Benner : renverser, jeter ? "J'ai benné quatre plaques d’œufs dans la voiture".

Brasser : "Je sais pas ce que j'ai mangé mais ça me brasse !". Peut aussi prendre un sens plus métaphorique, du style "Oh mon dieu, le voir dans cet état, ça me brasse...".

Boutiquer : ah, mon correcteur orthographique non plus ne le connaissait pas, lui. Signifie "trafiquer", "fabriquer", avec le sous-entendu d'une incompréhension notoire du comportement de l'intéressé de la part du locuteur. "Je sais pas ce qu'il a boutiqué dans sa chambre, y a des vêtements partout, il a monté le lit à fond, va falloir prévenir la famille de venir faire un peu le tri...".

Chiner : ailleurs, ça veut dire trainer dans les brocantes ou draguer, ici, c'est râler.

Culbute (faire la), ou "relève" selon les endroits mais culbute j'aime bien : enchainer un horaire de matin après un horaire de soir (quand j'étais au CHU à Angers, j'ai dormi chez ma tante, parce que terminer à 22h et reprendre à 6h30 avec une heure de route dans chaque sens, c'était un peu trop sportif pour moi !).

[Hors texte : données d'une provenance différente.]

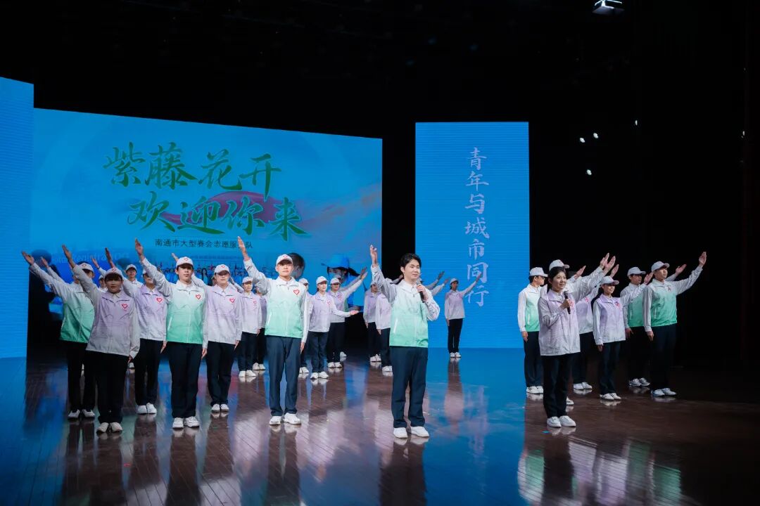 时值仲春,濠南别业前,张謇先生手植的百年双色紫藤,正含苞待放。它是独属南通的春日限定,“小紫藤”青年志愿者,也因此得名。他们根植于江海沃土,用无私奉献与热情服务诠释着这座城市的“青春限定”。2025 年,团市委圆满完成了“苏超”联赛南通 8 个主场赛事的服务保障任务,累计招募“小紫藤”志愿者 1511 人次,服务时长超 3.5 万小时。

Débarrer : alors lui l'autre jour il m'a cueillie en plein vol : "T'auras qu'à débarrer la porte avec le passe". Ah ben oui, ici on ne verrouille pas, on barre, donc forcément, on n'ouvre pas, on débarre...

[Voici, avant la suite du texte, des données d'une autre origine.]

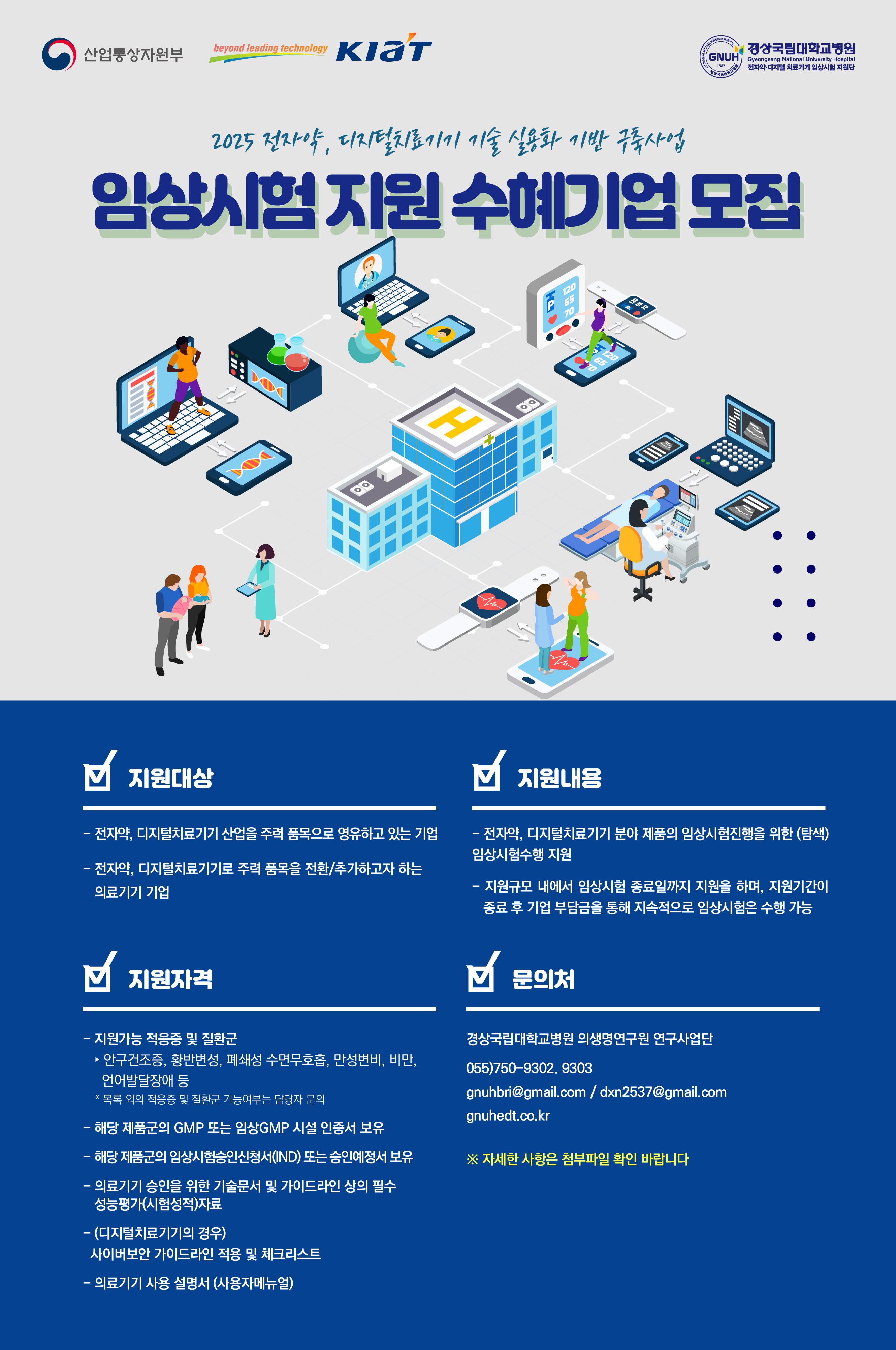 전자약, 디지털 치료기기 기반 구축을 통한 디지털바이오 전환 및 신성장동력 창출을 위하여 (재)경남테크노파크, 경상국립대학교병원이 연계하여 추진하는 「2025 전자약, 디지털 치료기기 기술 실용화 기반 구축사업」 임상시험 지원 수혜기업 4차 모집계획을 붙임과 같이 공고하오니 관련 기업에서는 많은 참여 바랍니다.

Débaucher : "Tu débauches à quelle heure ?". Il ne s'agit pas d'aller faire en douce et en imper la sortie des écoles maternelles, mais du simple antonyme de "embaucher". Simple, pratique, mais peut-être pas élégant.

De bois : "Passe-moi un crayon de bois, tu veux ?". Oui, après tout un crayon papier n'est pas en papier.

Entendre haut : être un peu sourd...

Meumeu : "Avec une hyperthermie à 41 et une CRP à plus de 600, on peut dire qu'il se tape une infection meumeu". Je pensais que c'était du local saumurois pour dire "costaud", mais ma belle-sœur, néphrologue à Nice, l'utilise aussi. Par contre, là où je bosse actuellement, au sud d'Angers, personne ne connait. Du coup je m'interroge : idiome local ou vocabulaire technique ?

Mon gars : "Mon gars entre au lycée, va falloir qu'il assure". Ici, un gars une fille c'est pas les mêmes rapports que Chouchou et Loulou...

Pichelin : ça sonne sudiste mais c'est typique de Saumur, merci l'apéro entre voisins. "Nan mais toi t'as un bouton ça y est c'est un cancer.. T'es un peu pichelin !"

Prendre dur : prendre cher, sans la nuance métaphorique. Clairement, ça fait mal.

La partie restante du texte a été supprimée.